Location in Allegheny County and state of Pennsylvania

South Versailles Township is a township in Allegheny County, Pennsylvania, United States. The population was 351 at the 2010 census. It contains the village of Coulter, also called Coulterville or Coulters. The U.S. Post Office in the village is called Coulters.

== History ==
South Versailles Township was formed on September 18, 1869, by a division of old Versailles Township into the townships of North Versailles and South Versailles. In 1875, the second precinct of South Versailles separated to form a new Versailles Township, leaving South Versailles with only a small area around the villages of Coulter, Osceola (also known as Emblem), and Alpsville. These villages were coal mining communities from about 1850 until the coal was depleted in about 1910. Alpsville and Osceola have since vanished.

== Geography ==
The township is a narrow strip of land located on the right (east) bank of the Youghiogheny River, between it and the Westmoreland County line. It contains the village of Coulter and a couple of small coal strip mines.

According to the United States Census Bureau, the township has a total area of 1.0 sqmi, of which 0.9 sqmi is land and 0.1 sqmi, or 12.24%, is water.

== Government and politics ==

Presidential election results
| Year | Republican | Democratic | Third parties |
|---|---|---|---|
| 2020 | 74% 143 | 24% 46 | 1% 2 |
| 2016 | 76% 119 | 24% 37 | 1% 1 |
| 2012 | 62% 96 | 37% 57 | 1% 1 |

== Surrounding and adjacent neighborhoods ==
South Versailles has two land borders with White Oak to the north and North Huntingdon Township in Westmoreland County to the east. Across the Youghiogheny River to the west, South Versailles runs adjacent with Elizabeth Township.

== Demographics ==

As of the 2000 census, there were 351 people, 151 households, and 107 families residing in the township. The population density was 407.6 PD/sqmi. There were 162 housing units at an average density of 188.1 /sqmi. The racial makeup of the township was 100.00% White. Hispanic or Latino of any race were 0.28% of the population.

There were 151 households, out of which 23.8% had children under the age of 18 living with them, 54.3% were married couples living together, 11.3% had a female householder with no husband present, and 29.1% were non-families. 26.5% of all households were made up of individuals, and 14.6% had someone living alone who was 65 years of age or older. The average household size was 2.32 and the average family size was 2.81.

In the township the population was spread out, with 18.8% under the age of 18, 6.6% from 18 to 24, 23.1% from 25 to 44, 25.4% from 45 to 64, and 26.2% who were 65 years of age or older.
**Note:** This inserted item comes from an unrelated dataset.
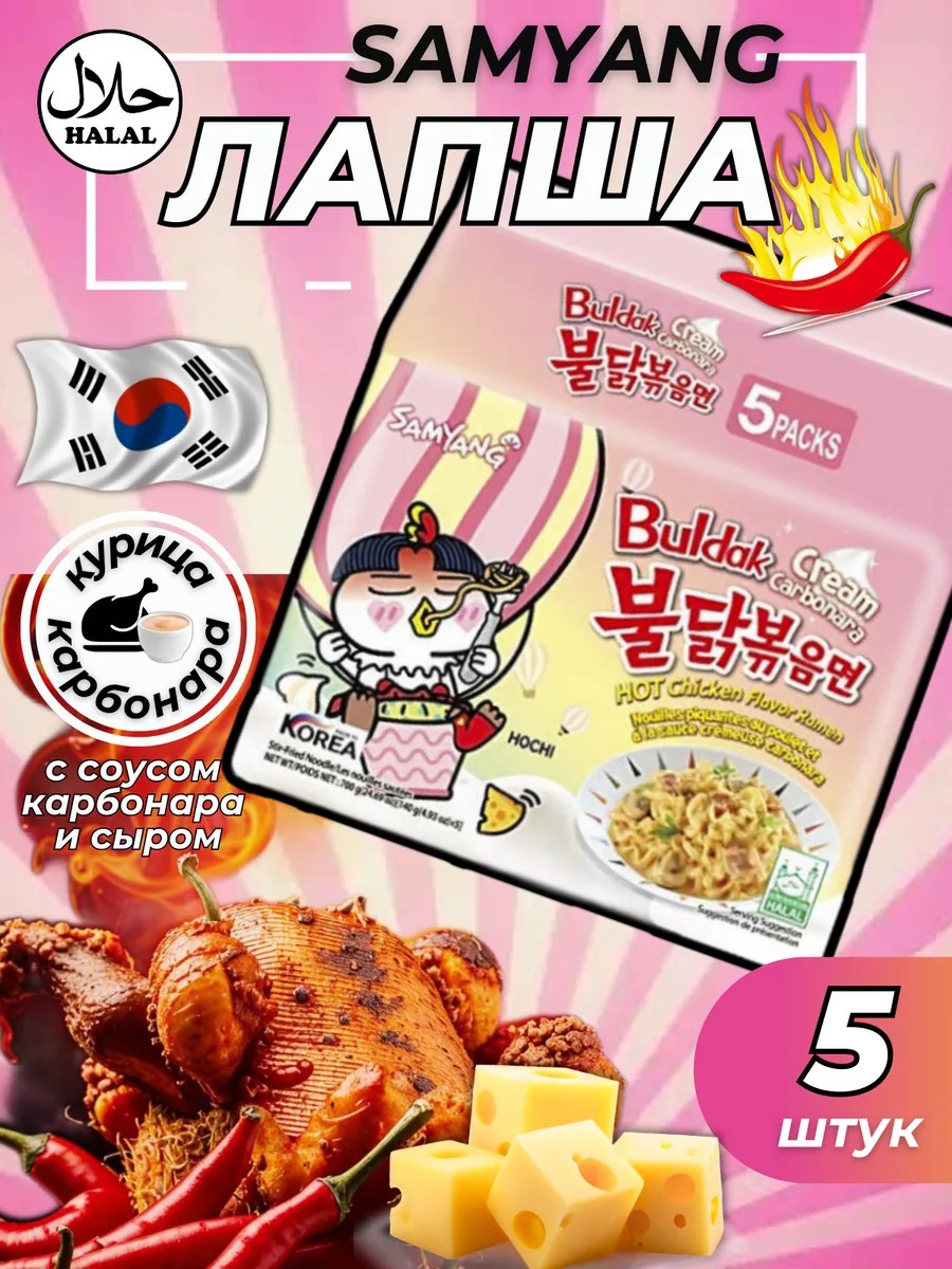 Please note! Samyang Korean noodles are SPICY! If you love spicy food, you must try Samyang's fiery noodles (aka hot chicken ramen) at least once. Samyang's spicy chicken noodles in carbonara sauce are a ready-to-eat dish that harmoniously blends the traditions of Korean and Italian cuisine. This original combination will appeal to lovers of vibrant new dishes. It's a true challenge for gourmets. Samyang was founded in 1961 and for over 50 years has earned the love, respect, and trust of not only Koreans but also many people around the world. During the famine of the 1960s, the company's delicious instant ramen helped many people survive in the country and became the second most popular food product after rice. Samyang's ready-to-eat noodles and other products undergo mandatory certification according to international standards KOLAS, ISO 22000, and Halal. They consistently boast impeccable quality and allow you to expand your menu to include authentic and nutritious Korean food. The ability to instantly provide yourself with a large, filling lunch will be especially valuable for office workers, as it allows you to save time and enjoy a delicious meal during your break.
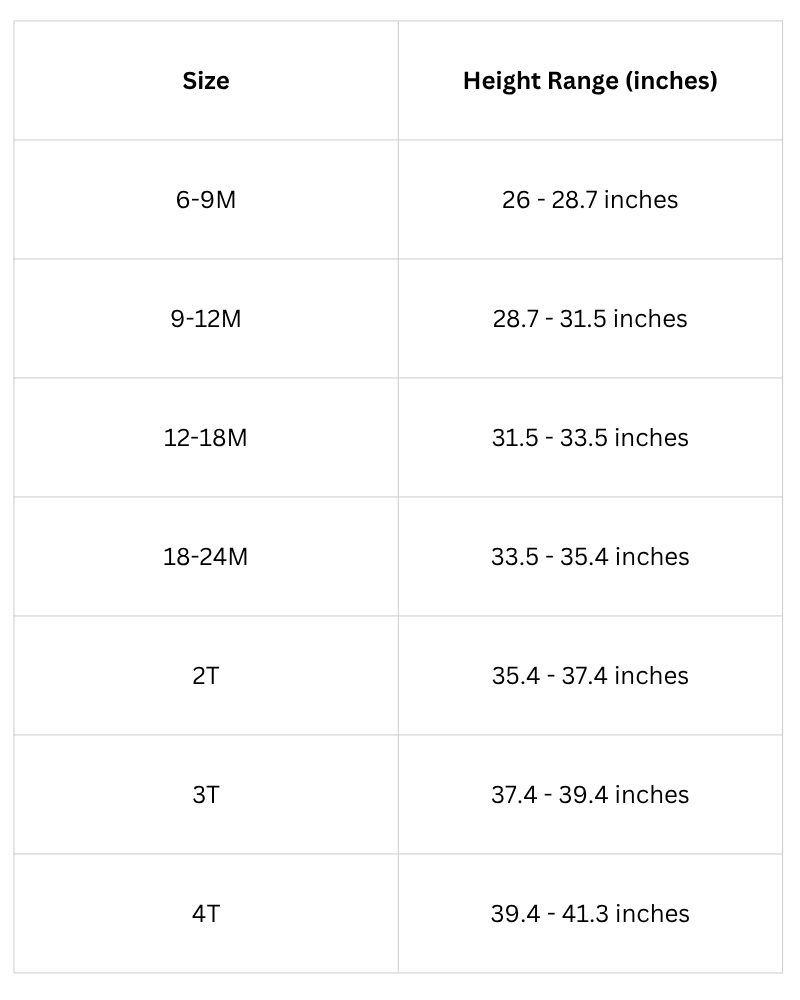 Size Chart (Inches):

The median age was 46 years. For every 100 females, there were 98.3 males. For every 100 females age 18 and over, there were 97.9 males.

The median income for a household in the township was $33,125, and the median income for a family was $42,500. Males had a median income of $35,625 versus $22,292 for females. The per capita income for the township was $16,414. About 5.8% of families and 8.9% of the population were below the poverty line, including 14.1% of those under age 18 and 2.2% of those age 65 or over.

Historical population
| Census | Pop. | Note | %± |
| 2010 | 351 |  | — |
| 2018 (est.) | 339 |  | −3.4% |
U.S. Decennial Census

== Notable people ==
- Joe "Moon" Harris, a Major League Baseball player in the early 20th century, was born in Coulter, which is a part of South Versailles.
- Art Rooney, founder of the Pittsburgh Steelers, was born in Coulter.